## Source information
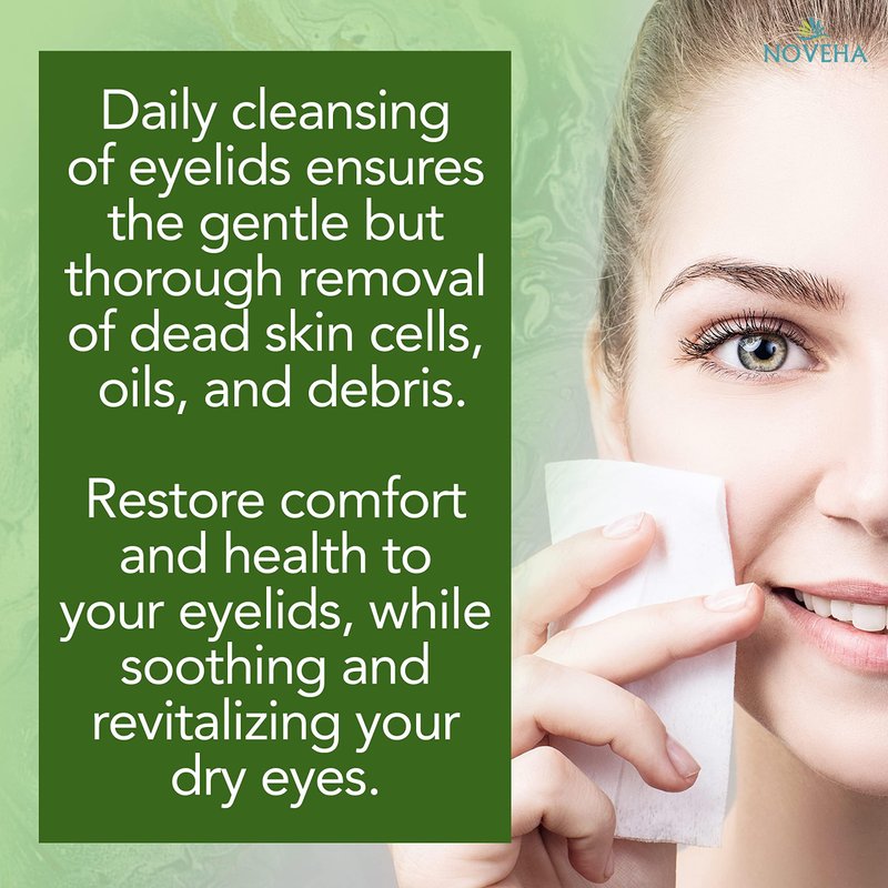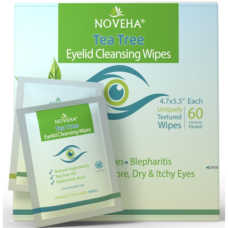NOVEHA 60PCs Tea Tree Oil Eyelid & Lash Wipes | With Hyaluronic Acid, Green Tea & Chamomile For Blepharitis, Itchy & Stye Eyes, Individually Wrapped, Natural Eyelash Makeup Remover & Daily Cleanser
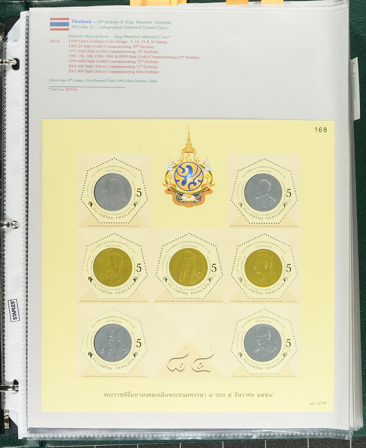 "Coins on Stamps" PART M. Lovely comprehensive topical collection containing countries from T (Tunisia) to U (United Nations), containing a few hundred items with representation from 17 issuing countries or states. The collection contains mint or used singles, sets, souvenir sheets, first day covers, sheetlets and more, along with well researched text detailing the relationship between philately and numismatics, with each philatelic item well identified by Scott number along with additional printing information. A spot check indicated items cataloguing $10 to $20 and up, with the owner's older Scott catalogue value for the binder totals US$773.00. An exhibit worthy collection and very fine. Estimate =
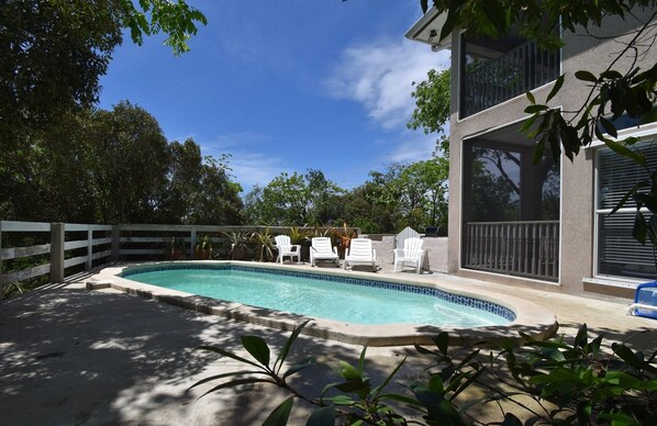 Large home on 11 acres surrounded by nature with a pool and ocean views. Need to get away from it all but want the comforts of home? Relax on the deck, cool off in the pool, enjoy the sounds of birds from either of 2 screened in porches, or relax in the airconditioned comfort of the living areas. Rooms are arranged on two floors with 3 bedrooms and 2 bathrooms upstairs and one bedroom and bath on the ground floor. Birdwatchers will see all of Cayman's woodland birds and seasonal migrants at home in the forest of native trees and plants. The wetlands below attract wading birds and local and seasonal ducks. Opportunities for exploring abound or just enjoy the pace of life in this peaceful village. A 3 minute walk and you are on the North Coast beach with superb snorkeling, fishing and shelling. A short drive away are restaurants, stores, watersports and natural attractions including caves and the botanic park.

--

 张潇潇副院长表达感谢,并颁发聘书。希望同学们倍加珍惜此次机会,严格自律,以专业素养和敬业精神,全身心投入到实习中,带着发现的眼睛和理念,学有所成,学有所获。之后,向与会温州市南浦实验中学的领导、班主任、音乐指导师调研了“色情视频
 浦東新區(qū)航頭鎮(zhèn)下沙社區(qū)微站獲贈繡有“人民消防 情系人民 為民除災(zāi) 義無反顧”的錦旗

## Aim of the task
Without the pictures, give again exactly the lines above starting at the line containing "NOVEHA 60PCs Tea" and ending at the line containing "Large home on".

## Exercise solution
NOVEHA 60PCs Tea Tree Oil Eyelid & Lash Wipes | With Hyaluronic Acid, Green Tea & Chamomile For Blepharitis, Itchy & Stye Eyes, Individually Wrapped, Natural Eyelash Makeup Remover & Daily Cleanser
 "Coins on Stamps" PART M. Lovely comprehensive topical collection containing countries from T (Tunisia) to U (United Nations), containing a few hundred items with representation from 17 issuing countries or states. The collection contains mint or used singles, sets, souvenir sheets, first day covers, sheetlets and more, along with well researched text detailing the relationship between philately and numismatics, with each philatelic item well identified by Scott number along with additional printing information. A spot check indicated items cataloguing $10 to $20 and up, with the owner's older Scott catalogue value for the binder totals US$773.00. An exhibit worthy collection and very fine. Estimate =
 Large home on 11 acres surrounded by nature with a pool and ocean views. Need to get away from it all but want the comforts of home? Relax on the deck, cool off in the pool, enjoy the sounds of birds from either of 2 screened in porches, or relax in the airconditioned comfort of the living areas. Rooms are arranged on two floors with 3 bedrooms and 2 bathrooms upstairs and one bedroom and bath on the ground floor. Birdwatchers will see all of Cayman's woodland birds and seasonal migrants at home in the forest of native trees and plants. The wetlands below attract wading birds and local and seasonal ducks. Opportunities for exploring abound or just enjoy the pace of life in this peaceful village. A 3 minute walk and you are on the North Coast beach with superb snorkeling, fishing and shelling. A short drive away are restaurants, stores, watersports and natural attractions including caves and the botanic park.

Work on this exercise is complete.